**EXERCISE DIRECTIONS:**
An exact copy of the lines from the top of the data through the line with "It really makes" is what you should give, with no pictures in it.

**DATA FOR ANALYSIS:**

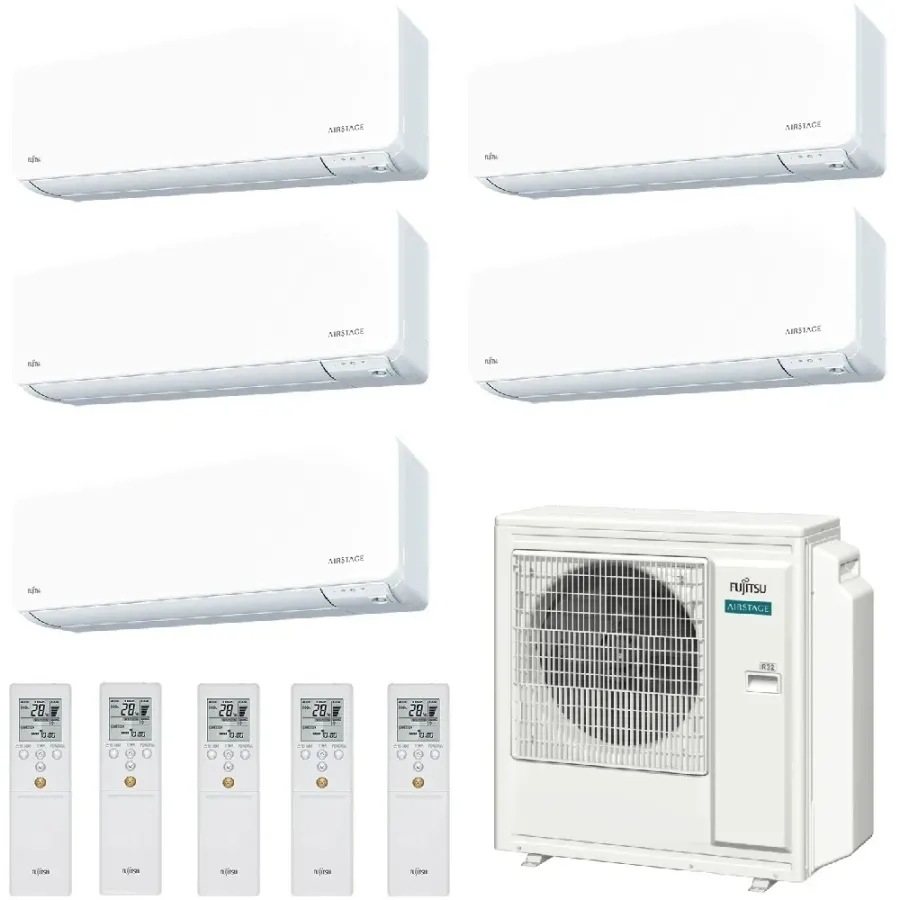 Climatiseur Fujitsu Penta Split 9+9+12+12+12 KGTG WiFi AOEG36KBTA5 2X ASEH09KGTG + 3X ASEH12KGTG Blanc R-32
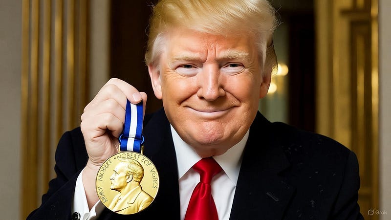 It really makes you wonder — what does an orange-skinned con artist with perfect natural hair and a pedophile bestie need to do to win a Nobel these days?
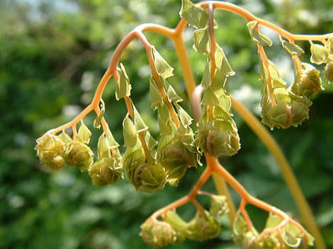 解 説 イノモトソウ科 北海道から九州に自生する多年草。山地の半日陰の斜面に多く生える。 根茎は短く横にはい多数分枝して株をつくる。 茎は葉柄とともに光沢ある黒紫色で細く堅い針金状で(上写真)、高さ25〜45p。 葉身は鮮緑色で膜質で無毛、8〜12個の羽片が扇状に広がる。各羽片は密に分裂し、中央部の羽片が最も大きく、外側のものほど次第に小さくなる〔左写真〕。 小羽片は短柄をもち半月状で上側の縁に数個の切れ込みがあるが下側は全縁である〔下写真〕。 胞子嚢群は小羽片の前面に数個ついて葉の縁が折れ曲がって胞子嚢群を包む〔下写真〕。 春の若葉は赤味を帯びている〔左下写真〕。葉は成長するにつれ緑色となり、扇状の葉身がクジャクの羽を連想させる。 観葉植物として栽培される。 名前の由来は葉がクジャクの羽に似ていることによる。 クジャクシダの葉 ![]() 写真2004.11.20下石黒 羽片の短い柄 ![]() 写真2004.11.20下石黒 小羽片の前面につく胞子嚢 ![]() 葉の縁が折れ曲がって包む胞子嚢 ![]() 写真2011.8.4下石黒 クジャクシダの若芽1 ![]() 写真2009.4.18下石黒 クジャクシダの若芽2 ![]() 写真2009.4.27 下石黒 |
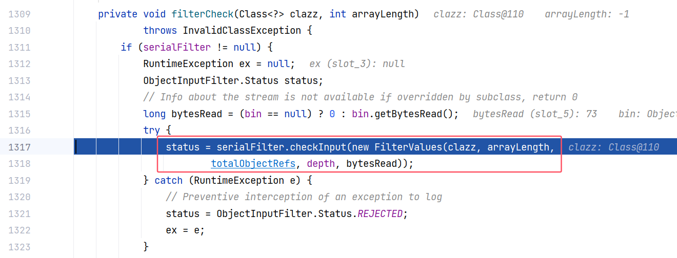 | private void filterCheck(Class<?> clazz, int arrayLength)         throws InvalidClassException {     if (serialFilter != null) {         RuntimeException ex = null;         ObjectInputFilter.Status status;         // Info about the stream is not available if overridden by subclass, return 0         long bytesRead = (bin == null) ? 0 : bin.getBytesRead();         try {             status = serialFilter.checkInput(new FilterValues(clazz, arrayLength,                     totalObjectRefs, depth, bytesRead));         } catch (RuntimeException e) {             // Preventive interception of an exception to log             status = ObjectInputFilter.Status.REJECTED;             ex = e;         }         if (status == null  ||                 status == ObjectInputFilter.Status.REJECTED) {             // Debug logging of filter checks that fail             if (Logging.infoLogger != null) {                 Logging.infoLogger.info(                         "ObjectInputFilter {0}: {1}, array length: {2}, nRefs: {3}, depth: {4}, bytes: {5}, ex: {6}",                         status, clazz, arrayLength, totalObjectRefs, depth, bytesRead,                         Objects.toString(ex, "n/a"));             }             InvalidClassException ice = new InvalidClassException("filter status: " + status);             ice.initCause(ex);             throw ice;         } else {             // Trace logging for those that succeed             if (Logging.traceLogger != null) {                 Logging.traceLogger.finer(                         "ObjectInputFilter {0}: {1}, array length: {2}, nRefs: {3}, depth: {4}, bytes: {5}, ex: {6}",                         status, clazz, arrayLength, totalObjectRefs, depth, bytesRead,                         Objects.toString(ex, "n/a"));             }         }     } }
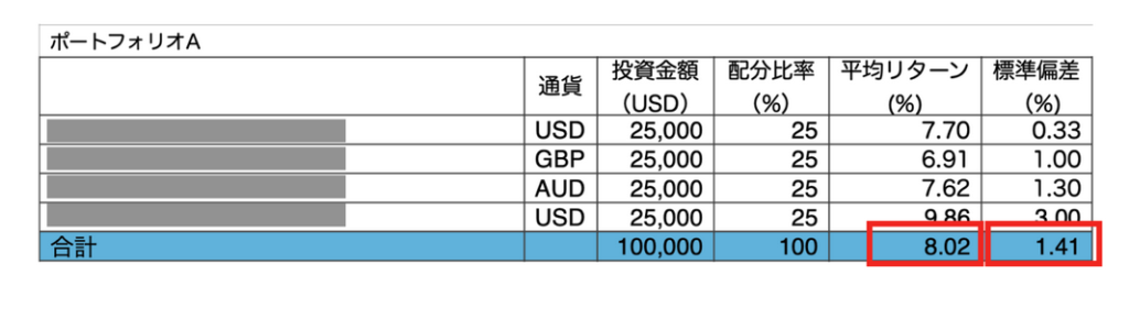 ちなみに、高い利回りを求めようとすると一般的には高いリスクの商品で運用する必要がありますが、リスクの低いファンドでポートフォリオを構築しても利回り8%は達成できますね。
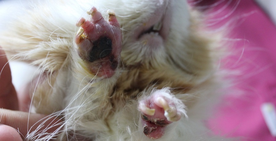 Jedná se o zánětlivé onemocnění kůže, vazů a svalů. Může ve vážnějších případech postihnout i kosti. Zvíře velmi trpí, je neklidné, nepohyblivé. Na postižené pacce se objeví nejprve prosáklý, načervenalý otok. Drápky se kroutí. S postupem nemoci se začnou deformovat celé prsty. Kůže je silně prokrvená, citlivá, snadno se poraní. Tím vznikne vstupní brána pro infekci. Vytvoří se léze. V nejhorších případech může dojít i k amputaci postižené končetiny.
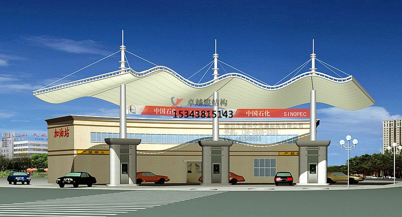 加油站罩棚是加油站的重要組成部分,設計加油站罩棚不僅僅要具有牢固、省電、防水等功能,還要美觀大方呢。膜結構輕巧、別致的造型在停車場及候車廳的建設中擔當了重要角色,除了滿足防風雨、防日曬等基本功能外,并有較好的標識招攬效果,展現了人們個性化的一面。
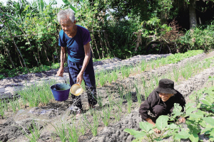 临高县兰罗村委会和兴村的王文书、王爱萍夫妇年龄之和已有207岁,但两个人还能独立起居,经常自己生火做饭。记者进门时,耳灵的王文书竟然一骨碌从床上起身,动作如年轻人般灵活。两人的精神状态不错,平常会用收音机听听临高戏。老两口种了一辈子的地,现在还保持着每天打扫门前卫生的劳作习惯。“他们习惯干活了,90岁时还能犁田。”孙子王图秀介绍。
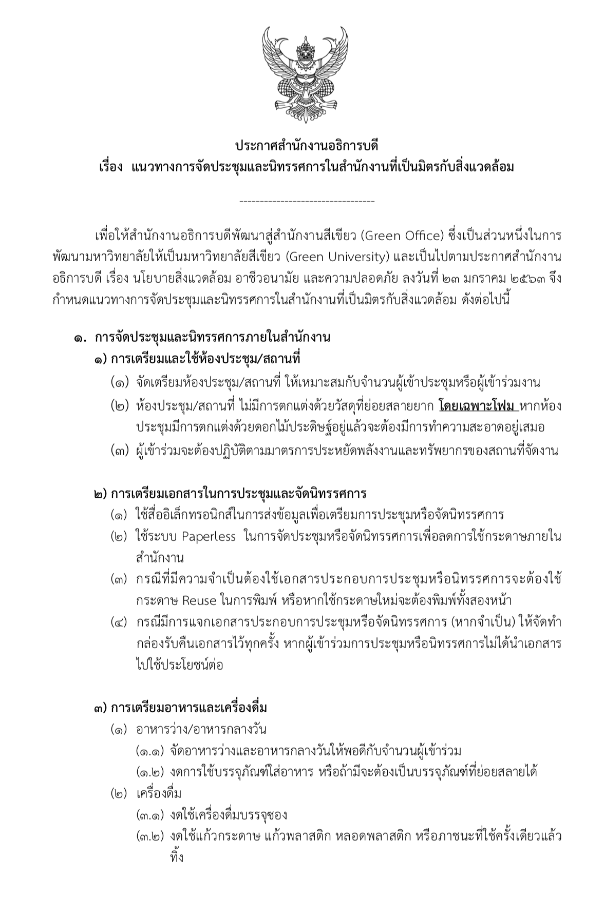 ประกาศสำนักงานอธิการบดี เรื่องแนวทางการจัดประชุมและนิทรรศการในสำนักงานที่เป็นมิตรกับสิ่งแวดล้อม
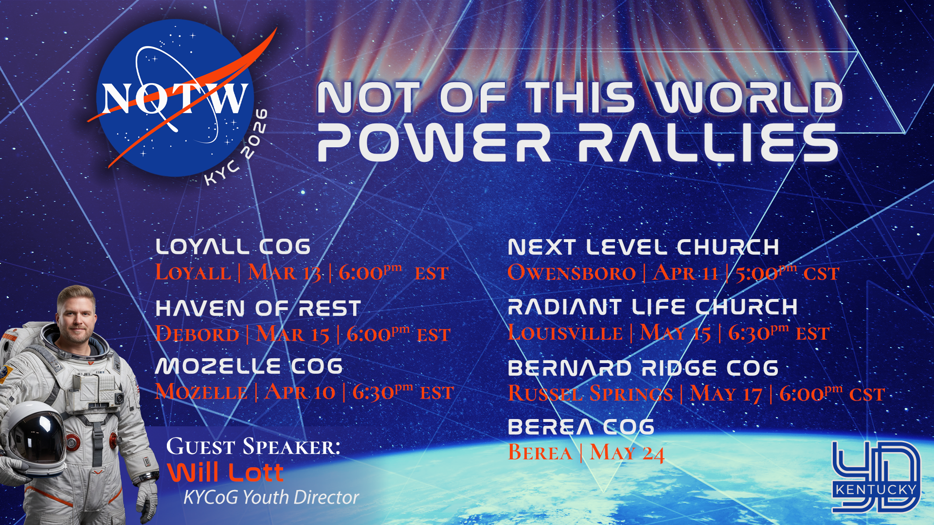 The Not Of This World Power Rallies are regional youth services happening across Kentucky designed to build momentum for KYC 2026, strengthen connections between churches, and ignite students with a passion to live boldly for Christ.
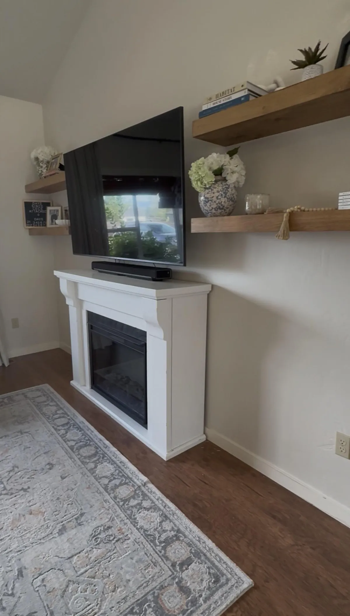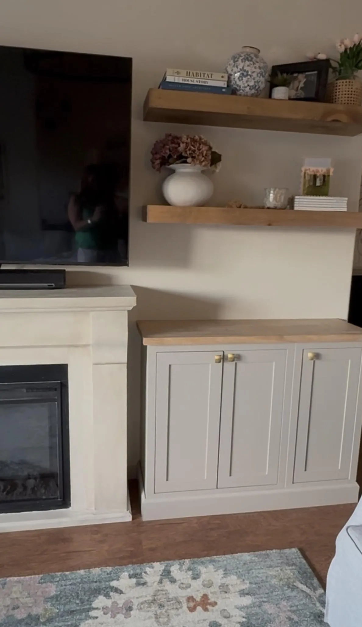 • Repeated the cabinet style near the fireplace to begin building future built in storage
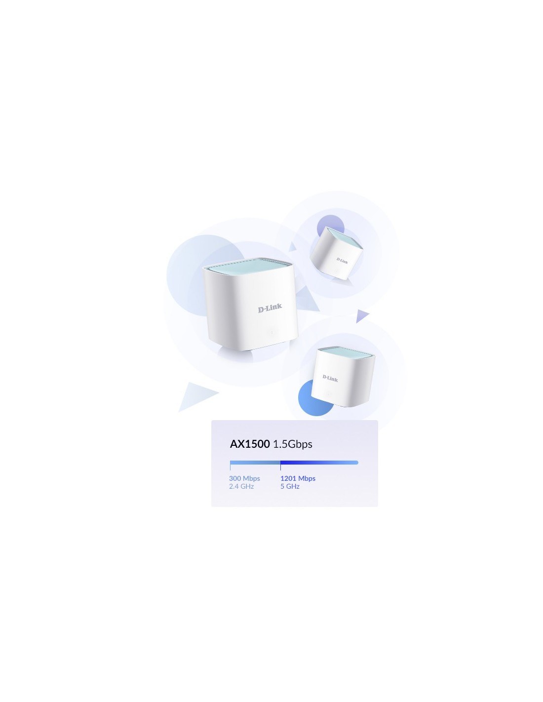 D-Link EAGLE PRO AI AX1500. Color del producto: Blanco, Tipo de antena: Interno, Tipo de producto: Sistema de malla. Banda Wi-Fi: Doble banda (2,4 GHz / 5 GHz), Estándar Wi-Fi: Wi-Fi 6E (802.11ax), Wi-Fi estándares: 802.11a, 802.11b, 802.11g, Wi-Fi 4 (802.11n), Wi-Fi 5 (802.11ac), Wi-Fi 6 (802.11ax). Asistente virtual: Amazon Alexa & Google Assistant, Seguridad con cortafuegos: DoS, Stateful Packet Inspection, Anti-spoofing Checking, IP/MAC Address Filtering, 1 x DMZ, Sistema operativo MAC soportado: Mac OS X 10.10 Yosemite, Mac OS X 10.11 El Capitan, Mac OS X 10.12 Sierra, Mac OS X 10.13 High.... Consumo energético: 12 W, Voltaje de entrada de adaptador AC: 12 V, Corriente de entrada del adaptador de CA: 1 A. Ancho: 92 mm, Profundidad: 92 mm, Altura: 93 mm
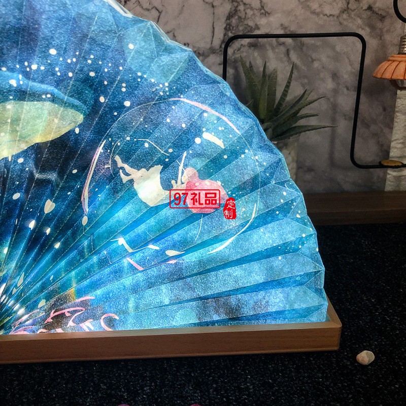 中秋禮品定制簡約實(shí)木氛圍床頭扇燈工廠批發(fā)企業(yè)禮品定制小夜臺燈
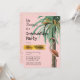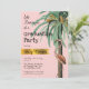 Rubor rosa con palmera vintage y diseño flamingo invitación de la fiesta tropical de graduación de Holiday Hearts Designs. La parte posterior presenta un degradado de tono dorado que se refleja en un patrón de confeti de aspecto falso purpurina sobre el fondo rosado de color. El conjunto es divertido y caprichoso.
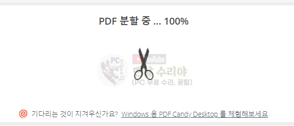 5) 이렇게하여 모든 기능과 설정이 끝났다면, 우측하단의 [PDF 분할] 클릭한다
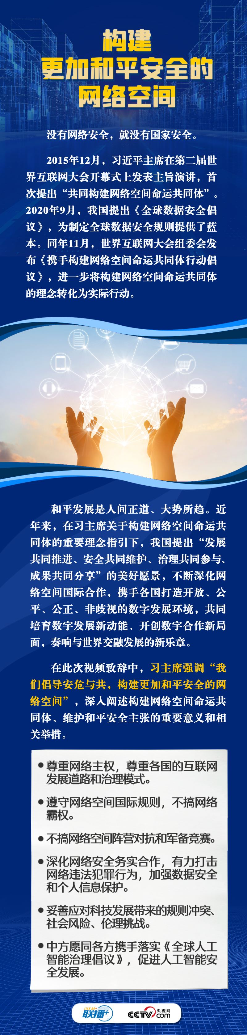 聯(lián)播+11月8日,習(xí)近平主席向2023年世界互聯(lián)網(wǎng)大會(huì)烏鎮(zhèn)峰會(huì)開(kāi)幕式發(fā)表視頻致辭。自2014年首屆世界互聯(lián)網(wǎng)大會(huì)舉辦以來(lái),習(xí)主席通過(guò)發(fā)表主旨演講、視頻致辭或者向大會(huì)發(fā)來(lái)賀信等不同形式關(guān)心大會(huì)的舉辦,始終倡導(dǎo)構(gòu)建網(wǎng)絡(luò)空間命運(yùn)共同體,得到國(guó)際社會(huì)廣泛認(rèn)同和積極響應(yīng)。
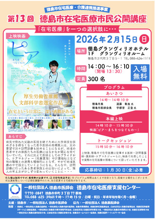 徳島市では、「徳島市在宅医療・介護連携推進事業」の一環として、徳島市民の皆さんに在宅医療を身近に感じていただき、今後の選択肢の一つとしていただくことを目的に「在宅医療市民公開講座」を開催します。
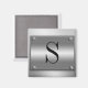 Silver brushed and shiny metal 3d frame with screws in a chrome smooth strong surface background. Easily personalise by adding any monogram, initial or name. Shown is the letter S. A great magnet nameplate for awards, medals, etc. Note that this realistic design is a printed design, not actually metal.
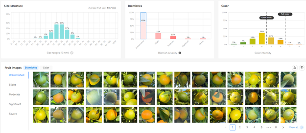 En 2025, Agrucorse recurrió a la inteligencia artificial para controlar el calibre y la coloración de los frutos en los campos. "Una primicia en la citricultura corsa", afirma la empresa. Normalmente, después del cuajado, se miden las clementinas para controlar su crecimiento. "A lo largo del año se miden miles de frutos con un calibrador en los campos", indica un técnico de Terre d'Agrumes, "y hay que analizar manualmente otros tantos valores". Es un trabajo tedioso, pero esencial para prever los volúmenes de cada calibre. Este año, sin embargo, la empresa ha optado por probar una aplicación desarrollada por la start-up Aerobotics, que usa simples fotos tomadas en los campos para analizar el calibre, la coloración y los posibles defectos de miles de clementinas. A partir de todos estos datos, la herramienta dibuja una curva de crecimiento del fruto, semana a semana, que va evolucionando hasta predecir su calibre en el momento de la cosecha.

**TASK ANSWER:**
 Climatiseur Fujitsu Penta Split 9+9+12+12+12 KGTG WiFi AOEG36KBTA5 2X ASEH09KGTG + 3X ASEH12KGTG Blanc R-32
 It really makes you wonder — what does an orange-skinned con artist with perfect natural hair and a pedophile bestie need to do to win a Nobel these days?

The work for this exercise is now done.